Will their despondency affect voters' judgment of the EU constitution? So far, polls suggest that they will say yes, but by an ever-shrinking margin: 58%, says a March poll by Ifop, down from 61% in February. Indeed, this erosion, which mirrors that ahead of the narrow 1992 vote in favour of the Maastricht treaty, explains Mr Chirac's decision to hold the referendum earlier than he had planned.

That the French are still favourable at all hints at a certain readiness to see past an unpopular government. Moreover, of the two-fifths who are undecided, twice as many are inclined towards a yes as towards a no, according to Ifop. That means that a higher turnout is likely to favour a yes. The ruling UMP party, led by Nicolas Sarkozy, voted at the weekend by an overwhelming 90% to support the constitution. And the opposition Socialists, led by Franois Hollande, have launched their own yes campaign, with billboards that make use of such cheap slogans as “Yes to a strong Europe facing America” .

The Socialists' difficulty in finding the right voice for their campaign encapsulates a broader problem. As Mr Hollande concedes, “the temptation exists to punish Chirac and thereby to punish Europe. That is what we have to avoid.” Hence his posters remind the French to say yes “along with all of Europe's socialists”. In other words, he is trying to show that it is possible to be both against the government and for the constitution.

But confusion remains. For one thing, widespread hostility to Turkey's entry into the EU is muddling voters: should they reject the constitution, even though it says nothing about Turkey? For another, the group of rejectionists on the left is growing, starting with Laurent Fabius, the Socialists' number two, who led a breakaway camp against the constitution last year. Although he lost an internal vote on the matter, he has not kept quiet since. “I'm not going to conduct a no campaign in terms of stump speeches,” Mr Fabius says, “but I can't hide the fact that I will vote no.” The CGT, the country's biggest union, has also decided to campaign against, as has Attac, an anti-globalisation lobby.

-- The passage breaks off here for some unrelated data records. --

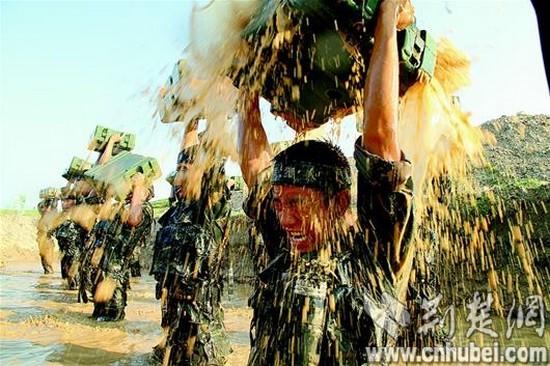 “記住了,以后夜晚的集合沒有哨音,有時是水槍,更多的是瓦斯!”教官的吼聲回響在夜空。“每 人帶上自己的‘另一半’,1分鐘后登車。”還沒等隊員們反應過來,訓練已經開始。教官說的“另一半”,就是后來和隊員朝夕相處、連睡覺都在身邊的大背囊, 里裝有單兵帳篷、防毒面具、工兵鍬……每天背著這個30多公斤的“大家伙”,對隊員體能是極大的考驗。
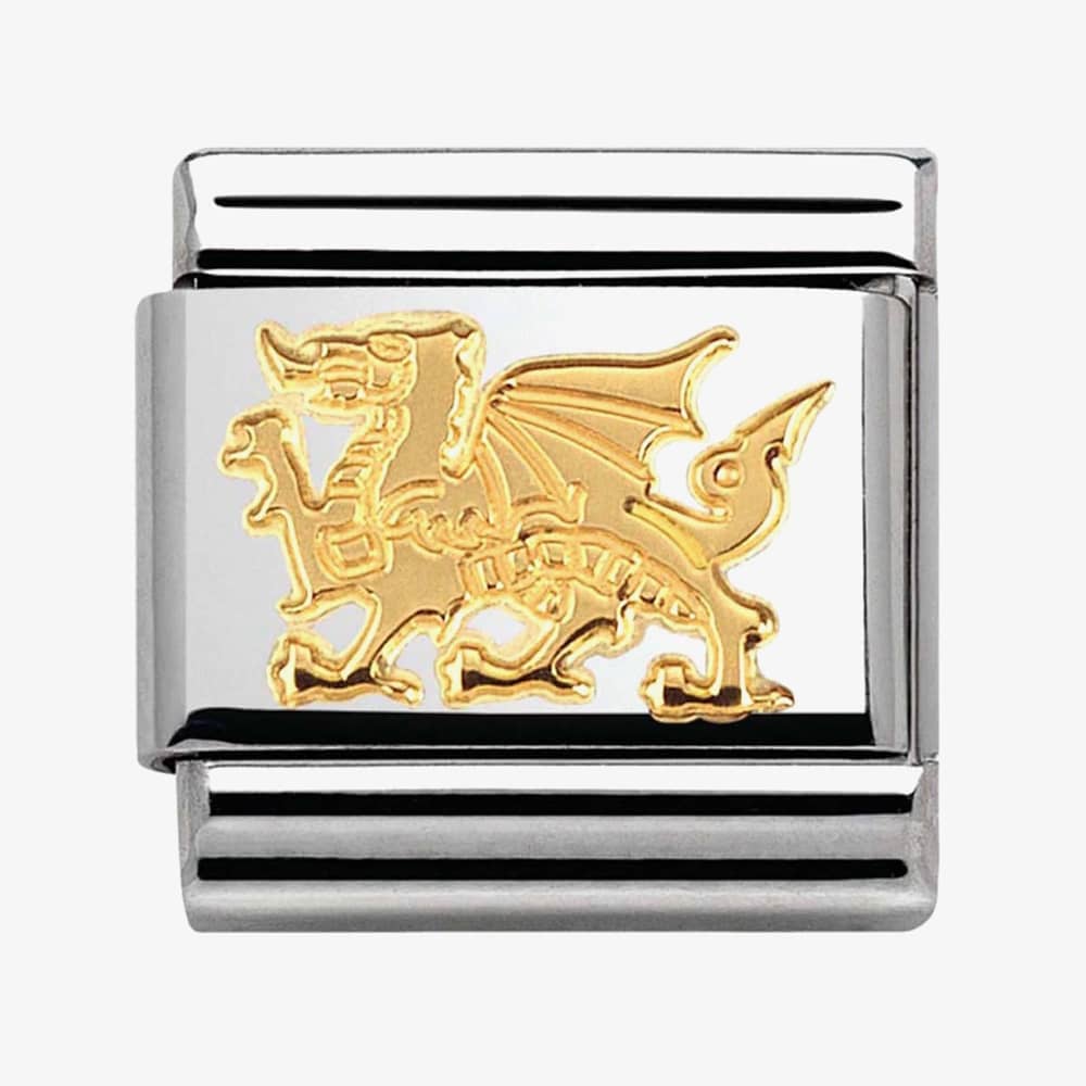 The perfect gift to add to any lover of mythical beasts collection. Elegantly crafted from gold plated material in the form of a roaring fierce dragon. Comes set on a stainless steel link that can be added to your Nomination bracelet.
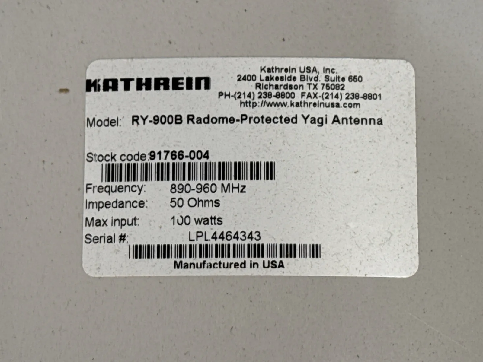 Contents Of Pallet: (2) Kathrein RY-900B Randome-Protected Yagi Antennas And Small Batteries. | West Auctions
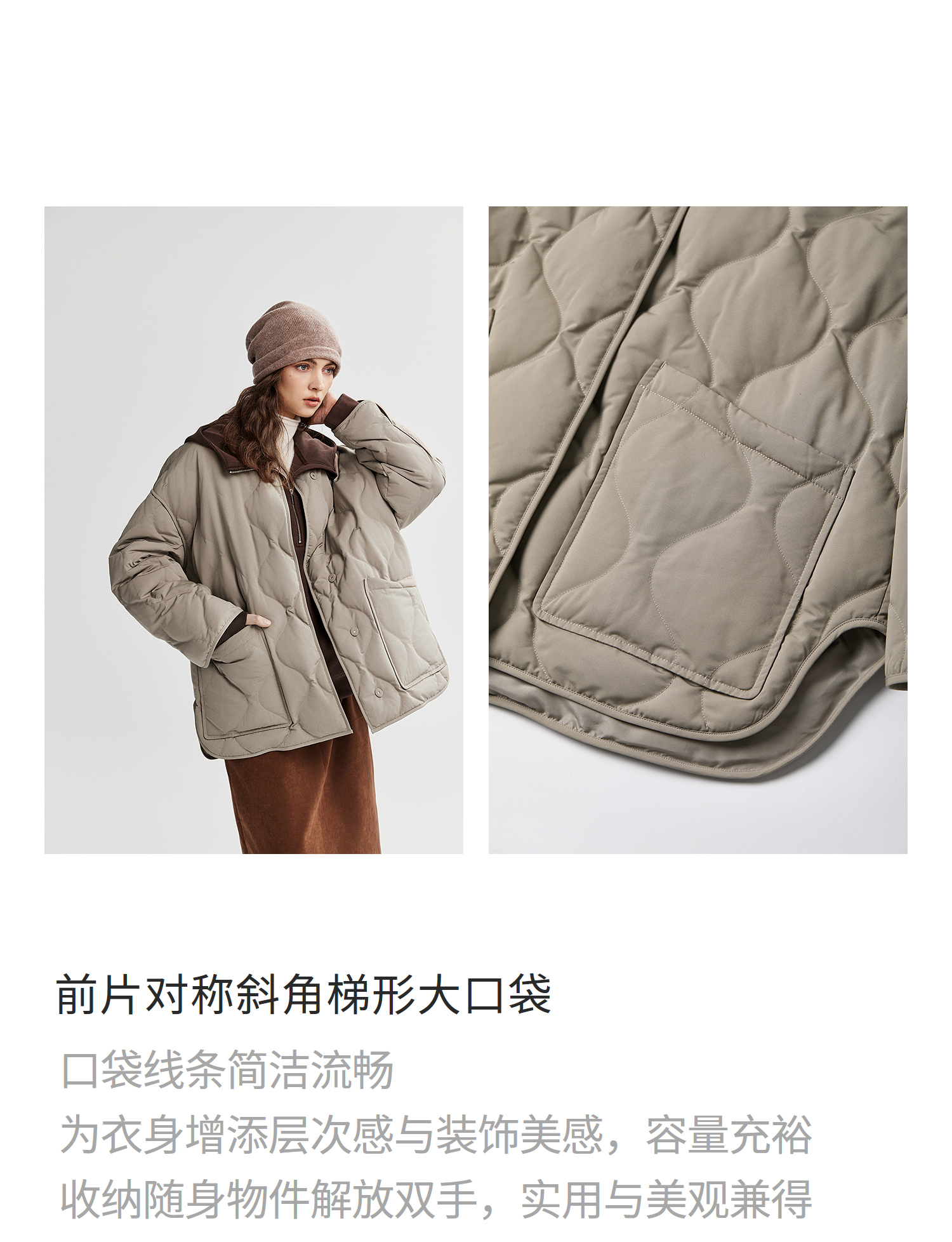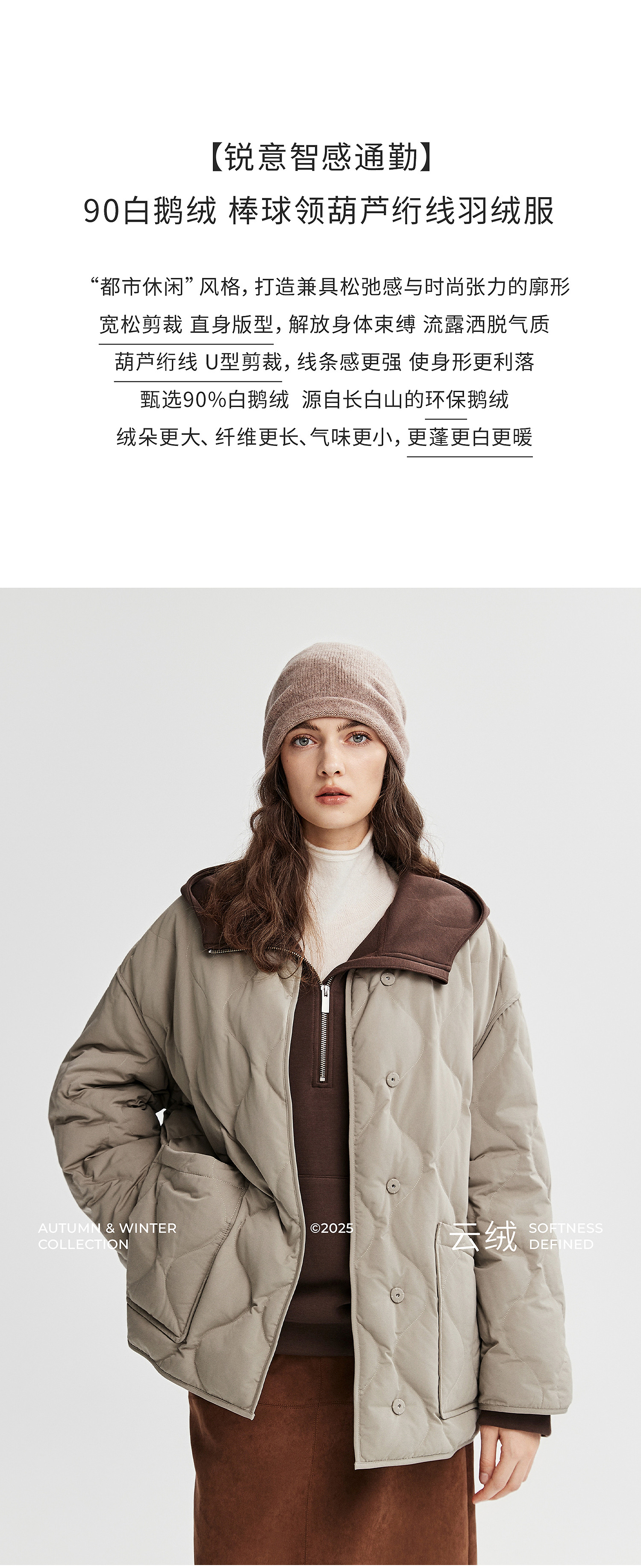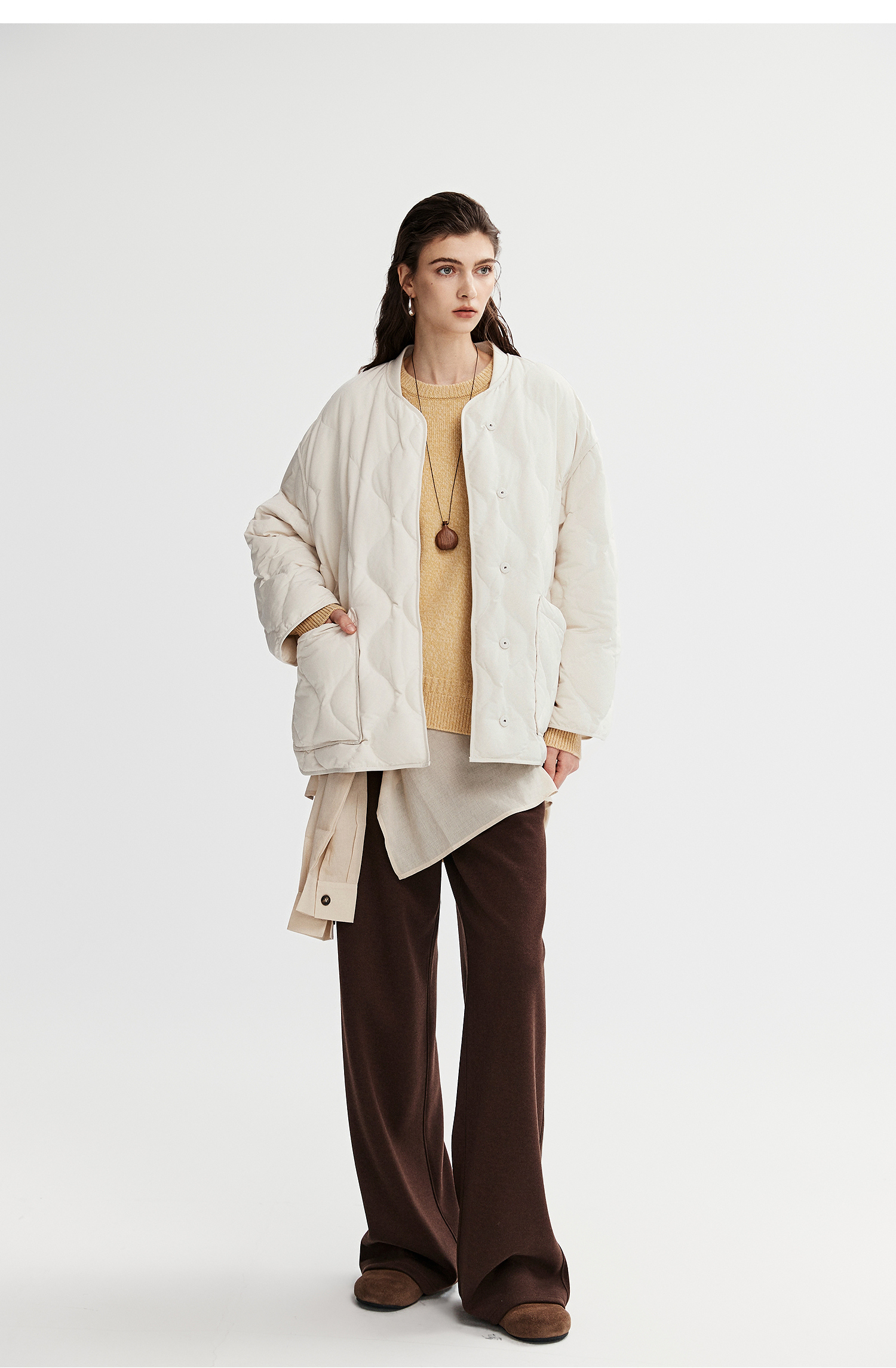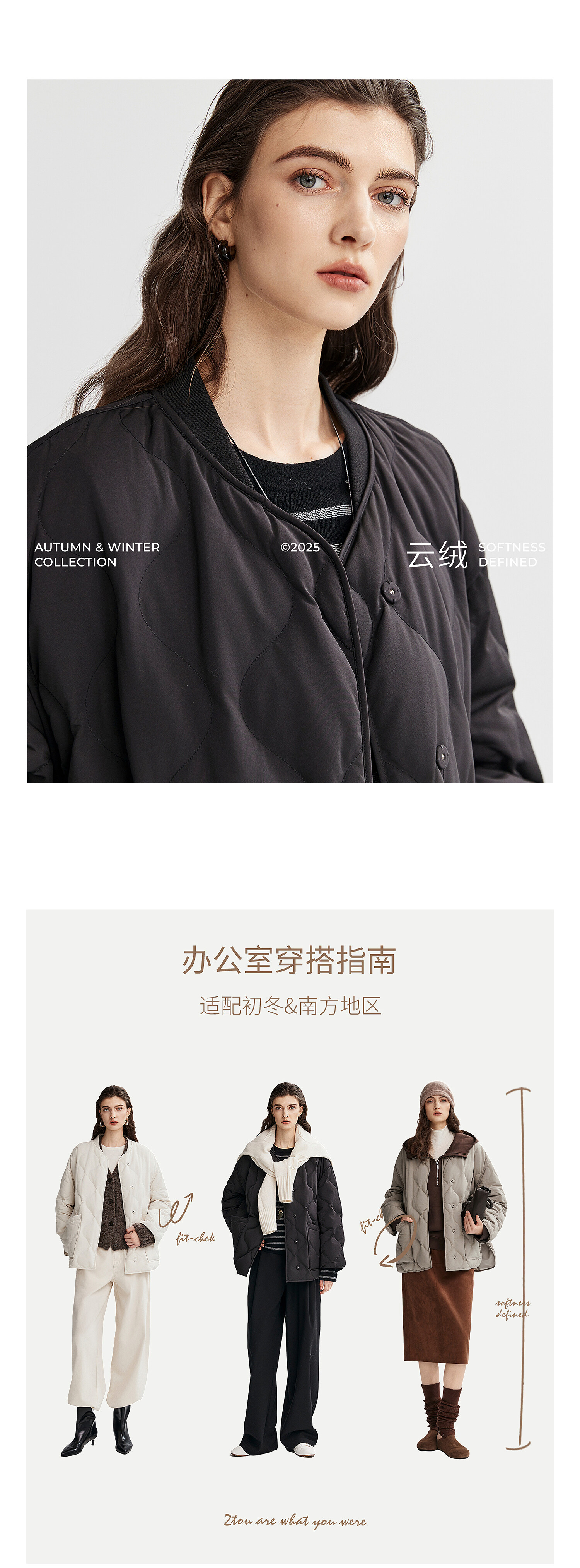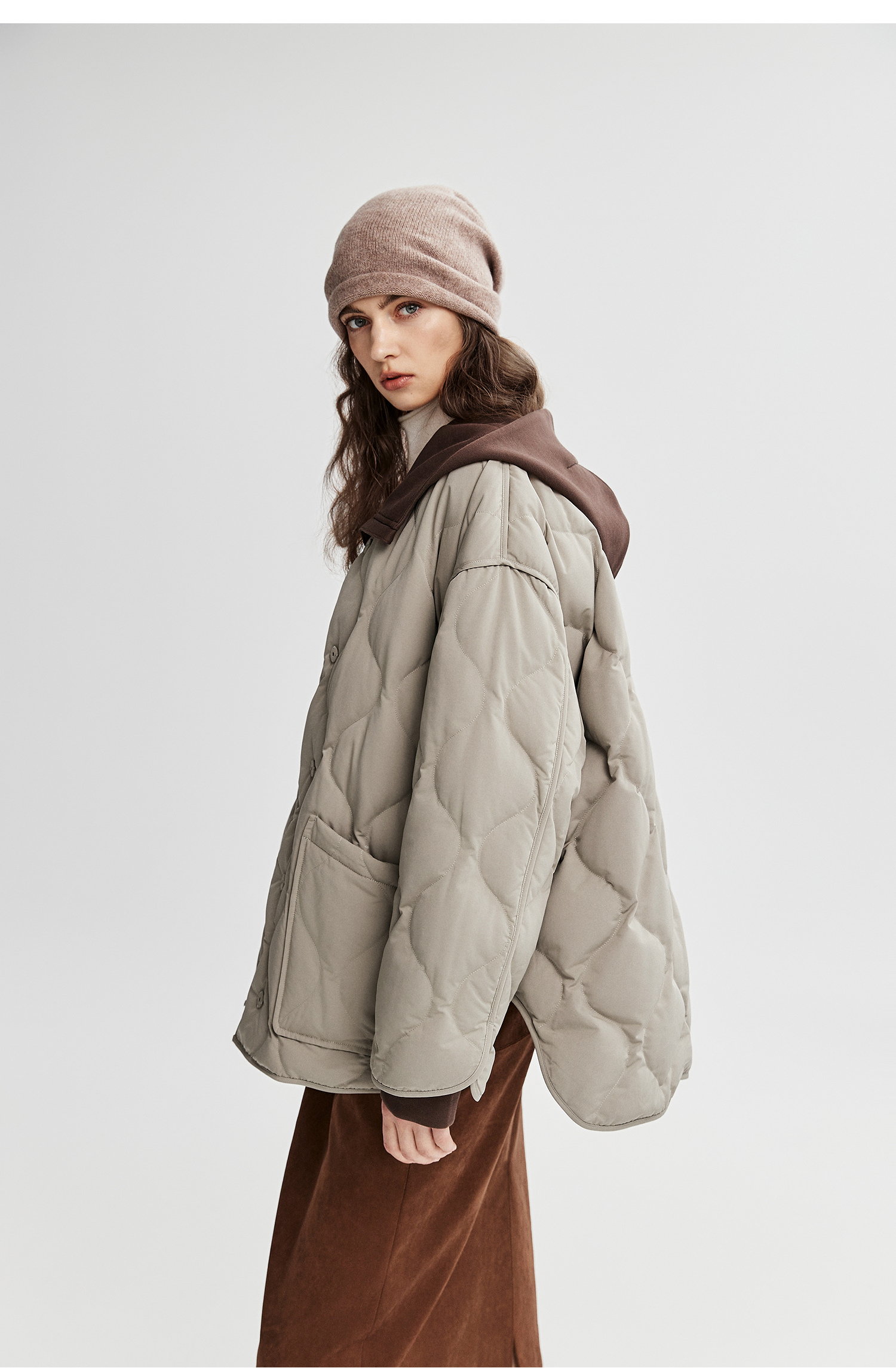 棉仓366615017-棒球领菱形格绗缝轻薄羽绒服夹克

Some on the left mischievously accuse Mr Hollande of being Mr Chirac's campaign director. He got a personal taste last weekend of how hard it is to get the message right. Out on a march in defence of public services, he had hoped once again to show that there was no contradiction in criticising the government and supporting the EU constitution. But anti-constitution campaigners hijacked the event, and pelted him with snowballs.

Dislike of the government could overshadow the French Referendum on the European Constitution, due to take place on 29 May 2005.